> **PROBLEM DESCRIPTION**
Your copy should hold only the lines from the one containing "2025 Autumn Stain" through the final line of the entries, exactly as written, with no pictures.
----
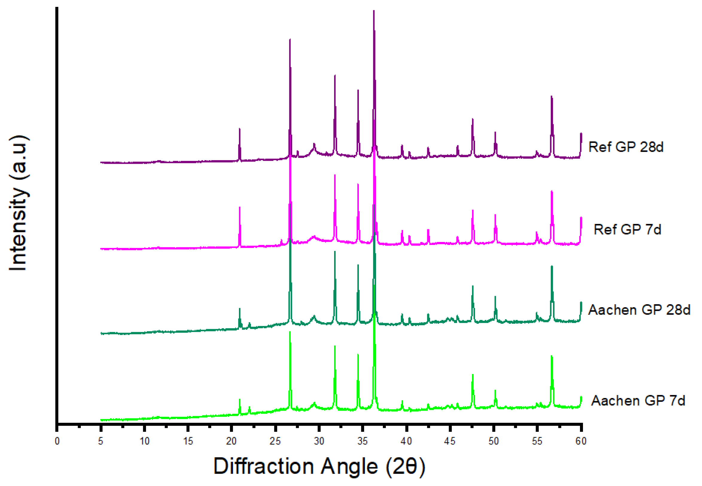 | Ref GP | 7 d | 78 | 22 | Quartz, Calcite, Cristobalite |
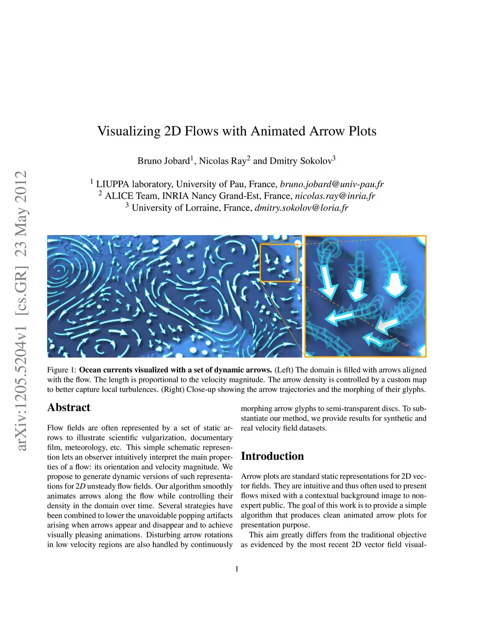 Flow fields are often represented by a set of static arrows to illustrate scientific vulgarization, documentary film, meteorology, etc. This simple schematic representation lets an observer intuitively interpret the main properties of a flow: its orientation and velocity magnitude. We propose to generate dynamic versions of such representations for 2D unsteady flow fields. Our algorithm smoothly animates arrows along the flow while controlling their density in the domain over time. Several strategies have been combined to lower the unavoidable popping artifacts arising when arrows appear and disappear and to achieve visually pleasing animations. Disturbing arrow rotations in low velocity regions are also handled by continuously morphing arrow glyphs to semi-transparent discs. To substantiate our method, we provide results for synthetic and real velocity field datasets.
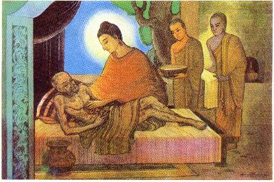 Ondanks het feit dat ten tijde van de Boeddha de studie en praktijk in medicinale en chirurgische wetenschap tot op grote hoogte was ontwikkeld, werd er nauwelijks aandacht besteed aan het verplegen van en het omzien naar de zieken. Putigatta Thera Tissa was een monnik die getroffen was door een huidziekte die zijn gehele lichaam bedekte met zweren. Toen zijn medemonniken hem links lieten liggen, verergerde zijn toestand. De Boeddha ging naar de zieke monnik die er nu doodziek bij lag, baadde hem met behulp van Ananda Thera en verschoonde zijn onder- en bovengewaad. Nadat de Boeddha het hem wat aangenamer had gemaakt, predikte hij zijn Leer tot hem door hem de ware aard van het menselijk lichaam uit te leggen. Verlicht door de toespraak werd de ouderling (Thera) een arahat. Vervolgens sprak de Boeddha de andere monniken aan over de edele taak om voor de zieken te zorgen. Vanwege het mededogend aansporen van de Meester en het opvolgen van zijn edele voorbeeld, begonnen lekenvolgelingen ziekenafdelingen in alle grote kloosters te bouwen. Later liet koning Dhammasoka niet alleen ziekenhuizen voor mensen bouwen, maar ook voor dieren. En zo is de eerste oprichting van ziekenhuizen (in elk geval voor dieren) toe te schrijven aan boeddhisten. Een boeddhist beschouwd elk voelend wezen als een wezen dat het recht heeft op goede verzorging en geluk.
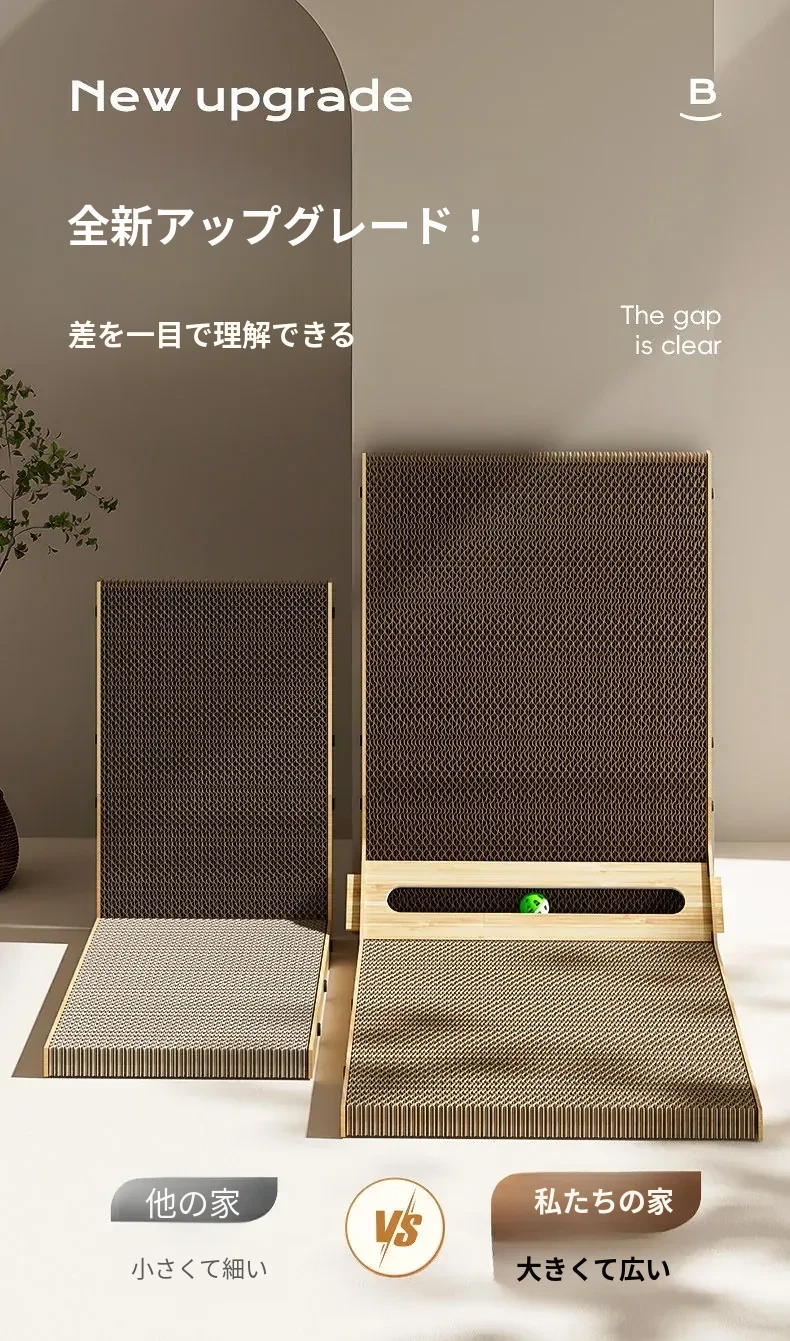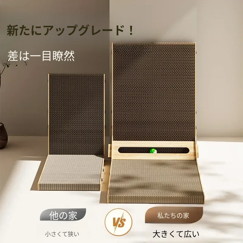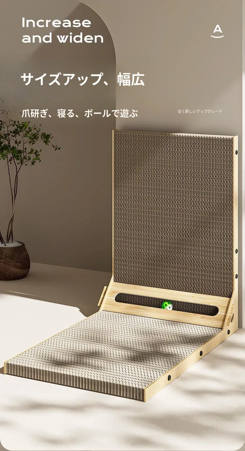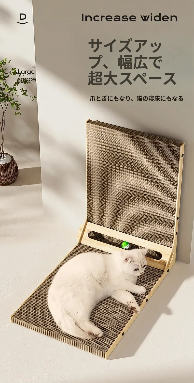 L型キャットグラブボード 壁掛け型 猫ハウス一体型 耐久性抜群の波状紙 大型猫用 爪研ぎ&お昼寝スポットに最適!猫ちゃんのストレス発散にも最適!
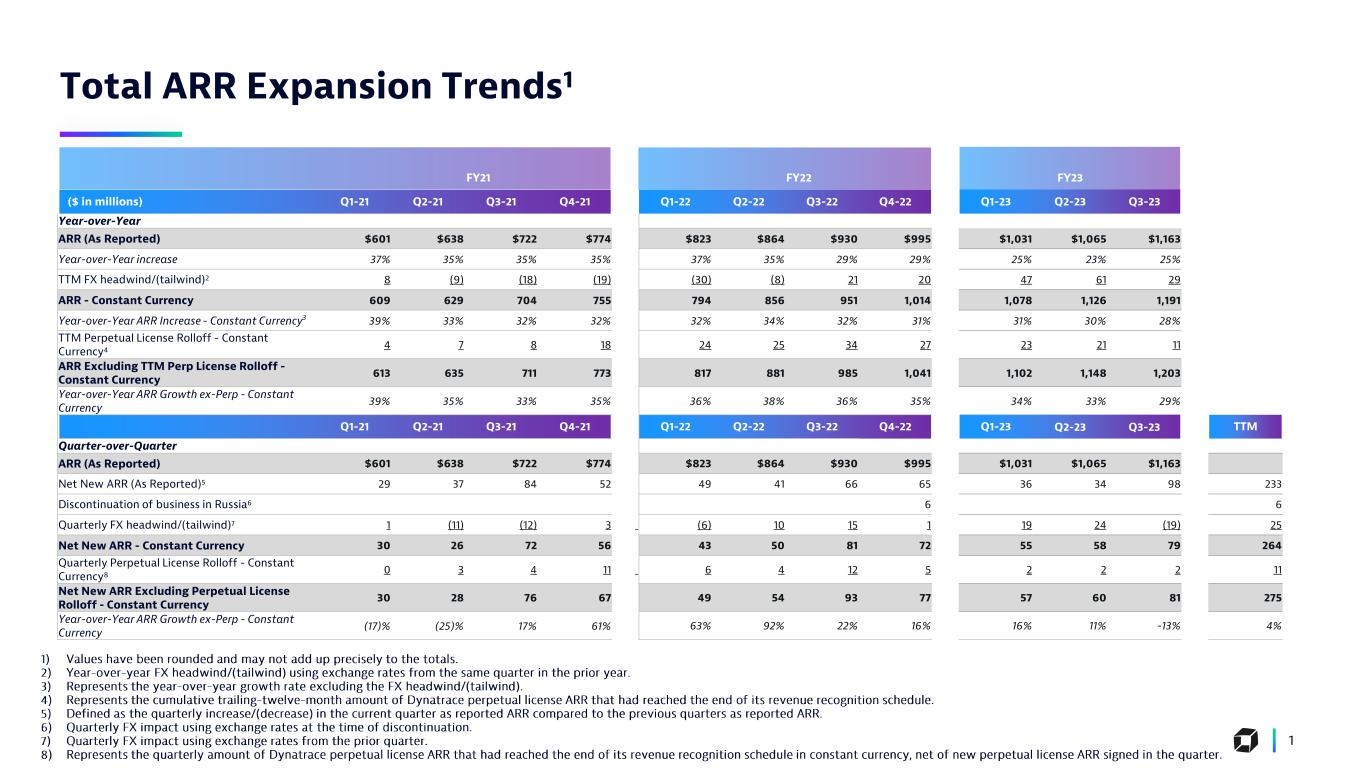 v Total ARR Expansion Trends1 FY21 FY22 FY23 ($ in millions) Q1-21 Q2-21 Q3-21 Q4-21 Q1-22 Q2-22 Q3-22 Q4-22 Q1-23 Q2-23 Q3-23 Year-over-Year ARR (As Reported) $601 $638 $722 $774 $823 $864 $930 $995 $1,031 $1,065 $1,163 Year-over-Year increase 37% 35% 35% 35% 37% 35% 29% 29% 25% 23% 25% TTM FX headwind/(tailwind)2 8 (9) (18) (19) (30) (8) 21 20 47 61 29 ARR - Constant Currency 609 629 704 755 794 856 951 1,014 1,078 1,126 1,191 Year-over-Year ARR Increase - Constant Currency3 39% 33% 32% 32% 32% 34% 32% 31% 31% 30% 28% TTM Perpetual License Rolloff - Constant Currency4 4 7 8 18 24 25 34 27 23 21 11 ARR Excluding TTM Perp License Rolloff - Constant Currency 613 635 711 773 817 881 985 1,041 1,102 1,148 1,203 Year-over-Year ARR Growth ex-Perp - Constant Currency 39% 35% 33% 35% 36% 38% 36% 35% 34% 33% 29% Q1-21 Q2-21 Q3-21 Q4-21 Q1-22 Q2-22 Q3-22 Q4-22 Q1-23 Q2-23 Q3-23 TTM Quarter-over-Quarter ARR (As Reported) $601 $638 $722 $774 $823 $864 $930 $995 $1,031 $1,065 $1,163 Net New ARR (As Reported)5 29 37 84 52 49 41 66 65 36 34 98 233 Discontinuation of business in Russia6 6 6 Quarterly FX headwind/(tailwind)7 1 (11) (12) 3 (6) 10 15 1 19 24 (19) 25 Net New ARR - Constant Currency 30 26 72 56 43 50 81 72 55 58 79 264 Quarterly Perpetual License Rolloff - Constant Currency8 0 3 4 11 6 4 12 5 2 2 2 11 Net New ARR Excluding Perpetual License Rolloff - Constant Currency 30 28 76 67 49 54 93 77 57 60 81 275 Year-over-Year ARR Growth ex-Perp - Constant Currency (17)% (25)% 17% 61% 63% 92% 22% 16% 16% 11% -13% 4% 1
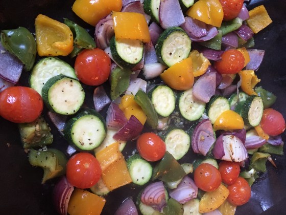 In a large baking tray arrange the chopped vegetables and drizzle some olive oil and sprinkle salt and pepper, mixed herbs and garlic. Toss all this together so all the vegetables are coated with the seasoning. Bake in the oven on gas mark 4 (180) for about 30 minutes until the veg is slightly brown.
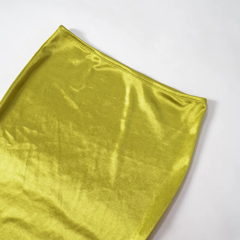 2025 Autumn Stain Long Solid Color Skirt Women Elegant High Waist Side Split Maxi Skirts Party Sexy Clothes for Female
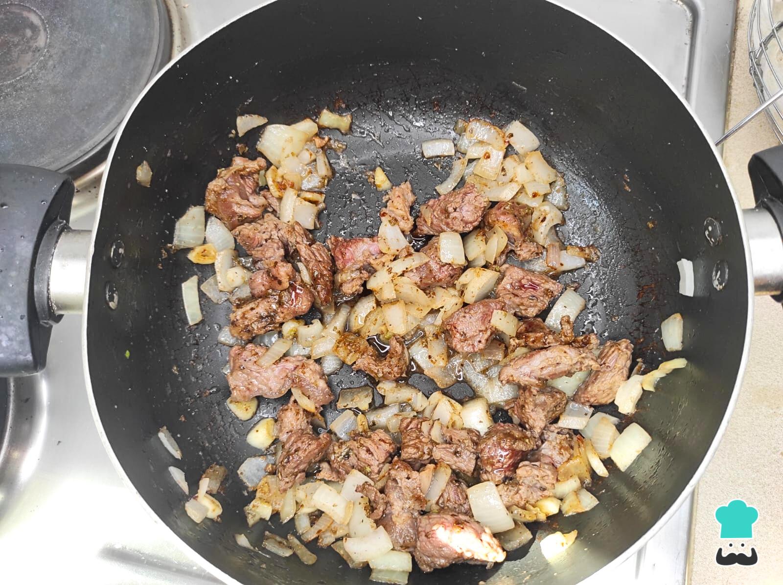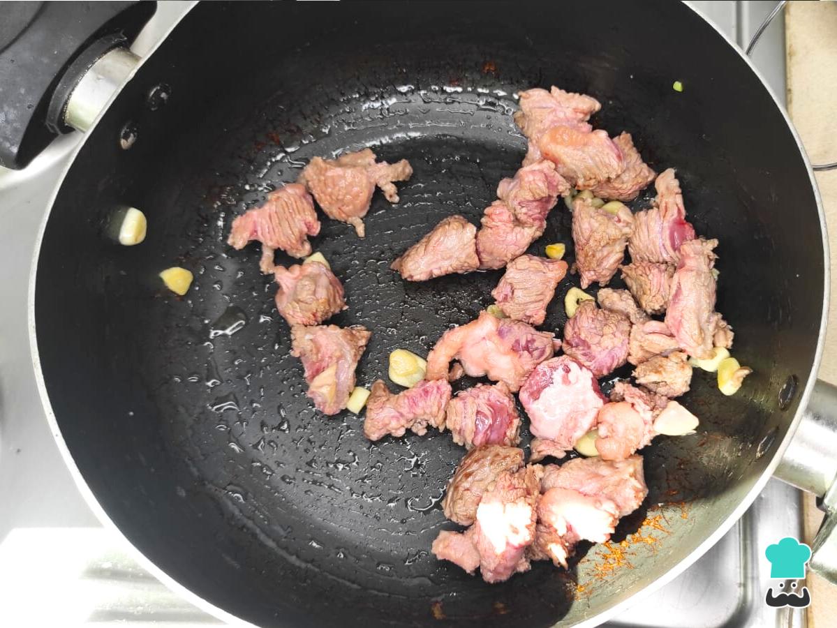 Calienta el aceite en una olla y agrega el ajo y la carne para sellarla por todos lados.
----
> **SOLUTION**
 2025 Autumn Stain Long Solid Color Skirt Women Elegant High Waist Side Split Maxi Skirts Party Sexy Clothes for Female
 Calienta el aceite en una olla y agrega el ajo y la carne para sellarla por todos lados.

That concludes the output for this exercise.